O primeiro registro de um invento que foi precursor da tecnologia automotiva indica que aproximadamente em 4000 a.C. o homem inventou a roda. Considerando, inclusive, os veículos terrestres que se deslocam sobre esteiras, todos dependem de rodas para se locomover. Logo, foi o invento mais importante da tecnologia automotiva. Porém, apenas em 3500 a.C., na Suméria, encontrou-se registro de um trenó sobre rodas. Portanto, com base nos registros históricos, o homem demorou 500 anos para aplicar a roda como elemento de um veículo. Talvez ele a tenha criado como um totem ou objeto de rituais.

O trenó que era usado até então dependia do esforço humano para operar.

Informações do Egito de 1600 a.C. já mostram uma plataforma de tração animal. Esta configuração de veículo perdurou por quase 3000 anos. A próxima novidade registrada em termos de veículo foi na Inglaterra, em 1555, de uma carruagem de tração animal com suspensão. Ou seja, somente em 1555 agregou-se alguma inovação tecnológica ao veículo padrão da época.

Restava, agora, tornar o veículo autopropulsado, ou seja, independente de tração animal ou humana. Na Holanda, em 1637, o conde de Nassau desenvolveu uma canhoneira à vela – nos moldes dos pequenos veículos que às vezes se vê nas praias. Tinha, ainda, uma aplicação bélica, para combater em um terreno propício. Dependia, porém, das correntes de vento, que poderiam variar de direção e intensidade afetando a marcha do veículo. Surge, então, o primeiro veículo autopropulsado com geração própria de energia a partir do combustível que o próprio veículo poderia carregar: o veículo a vapor de Cugnot, construído na França em 1771. Como se pode ver na figura, o veículo consistia em uma plataforma de três rodas à qual se instalou uma caldeira e um motor a vapor. Como a caldeira ficava à frente do eixo dianteiro a manobrabilidade do, então, automóvel, era precária. Por conta disso que Cugnot e seu veículo foram os protagonistas do primeiro acidente automobilístico da história, quando, ao descrever uma curva, Cugnot atingiu um muro.

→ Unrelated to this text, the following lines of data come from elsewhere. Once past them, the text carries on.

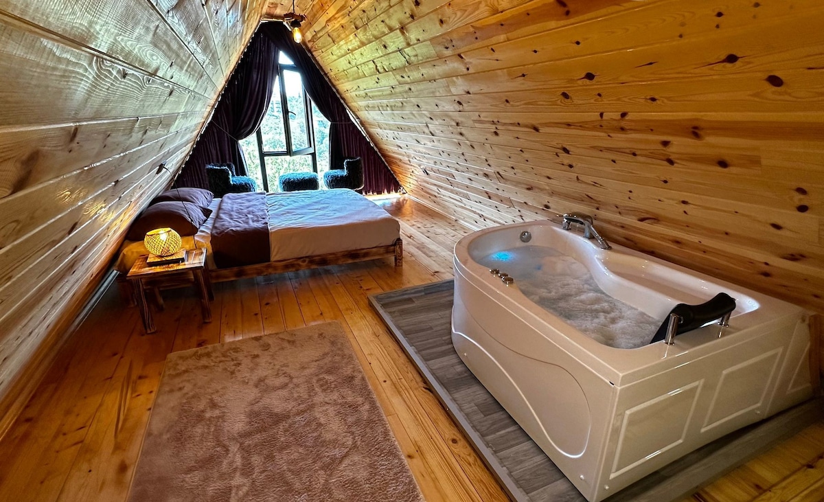 Unas vacaciones tranquilas y cómodas te esperan en nuestro bungaló de piedra especialmente diseñado con jacuzzi, rodeado de naturaleza en Trabzon Araklı. Tiene 1 habitación, 1 salón, 1 baño/WC, 1 cama doble, 1 cama individual y 1 sofá cama en una superficie de 80 m². Disfruta de la relajación con balcón, cocina americana, patio y jacuzzi privado. Momentos inolvidables te esperan en esta estructura de piedra equipada con detalles modernos en el corazón de la naturaleza.
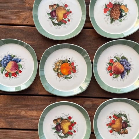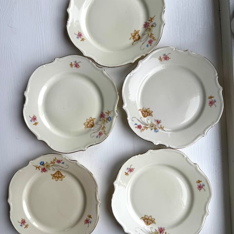 Porsgrund, 5 fargerike sjarmerende, retro dessert tallerkener
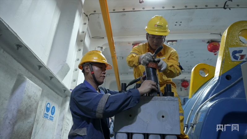 李亞雄與同伴對風機內部部件進行巡檢維護(央廣網發(fā) 受訪者供圖)
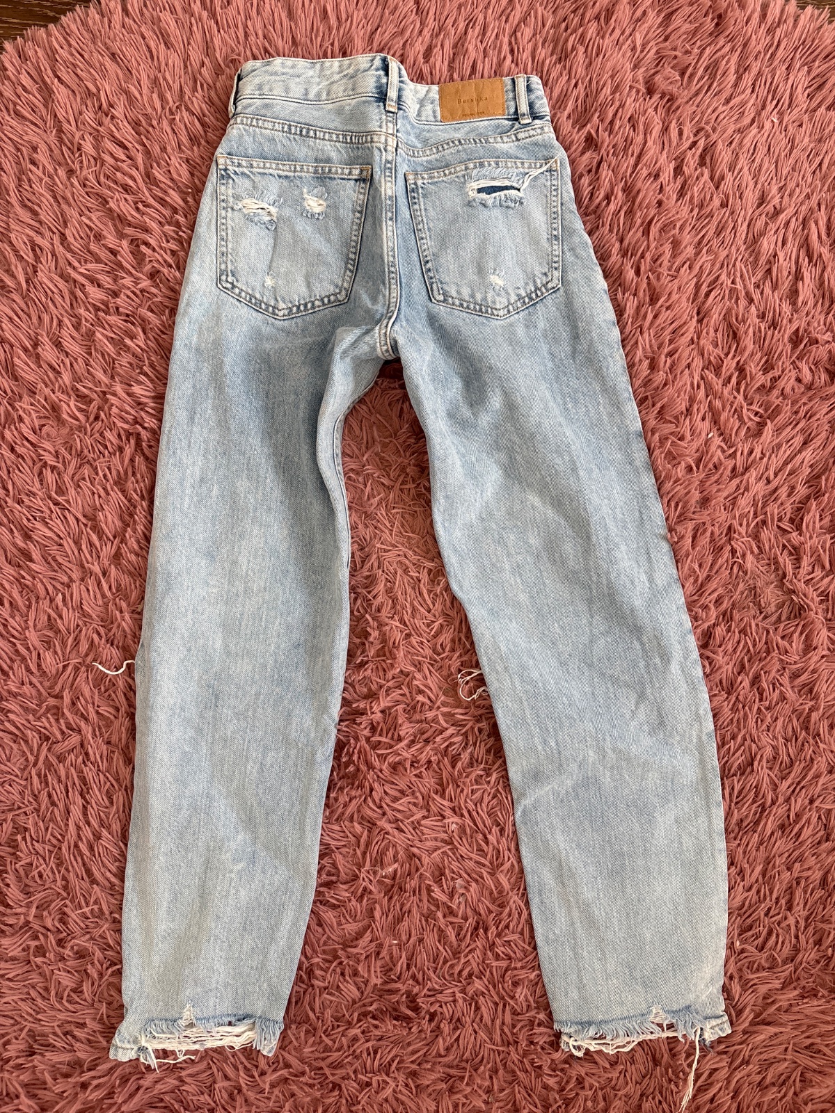 Moderne roztrhane rifle,nosene na striedacku bez poskodeni
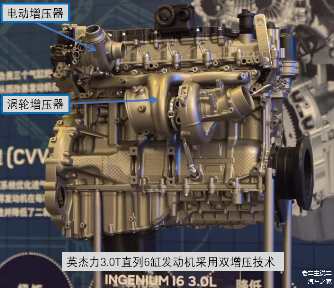 Ingenium 3.0T直列6缸发动机采用更加先进的电动增压器加涡轮增压的双增压技术。

Como os sistemas desenvolvidos eram patenteados, e aproveitando das dificuldades do carro de Cugnot, James Watt, na Inglaterra em 1775, criou o veículo a vapor de alta pressão. Com a caldeira produzindo vapor com pressão mais elevada que aquela empregada por Cugnot, Watt conseguiu construir um veículo mais leve e mais manobrável. Com isso, melhorou a credibilidade sobre os automóveis, até que em 1800, também na Inglaterra, Trevithick empregou um veículo a vapor como o primeiro veículo de transporte de passageiros autopropulsado. Ou seja, o primeiro ônibus.

Sistemas Mecânicos Automotivos – Carlo Giuseppe Filippin

Com a popularização do automóvel a vapor, e com as dificuldades operacionais deste – exigia um motorista e um foguista, para alimentar a caldeira, a busca por combustíveis alternativos levou Rivaz, na Suíça, em 1807, a construir o primeiro veículo com motor de combustão interna manual, queimando hidrogênio. Sim, hoje, em pleno século XXI estamos buscando, também, a aplicação do hidrogênio como combustível. É claro, em condições mais elaboradas que as da época. Brown, dezenove anos depois, em 1826 na Inglaterra, apresentou seu veículo com motor a combustão interna sem explosão, queimando álcool. Cabe, aqui, lembrar que estes motores não apresentavam uma vela para promover a explosão do combustível. Empregavam um filamento aquecido, uma resistência elétrica, para que, sob compressão, a mistura ar e combustível queimasse, porém, em explodir. Logo, eram motores lentos, que trabalhavam a rotações de poucos rpm. Buscando, então, maior agilidade nos motores, na França em 1862 Lenoir construiu o primeiro veículo com motor de combustão interna de dois tempos operando a gás de carvão – gasogênio.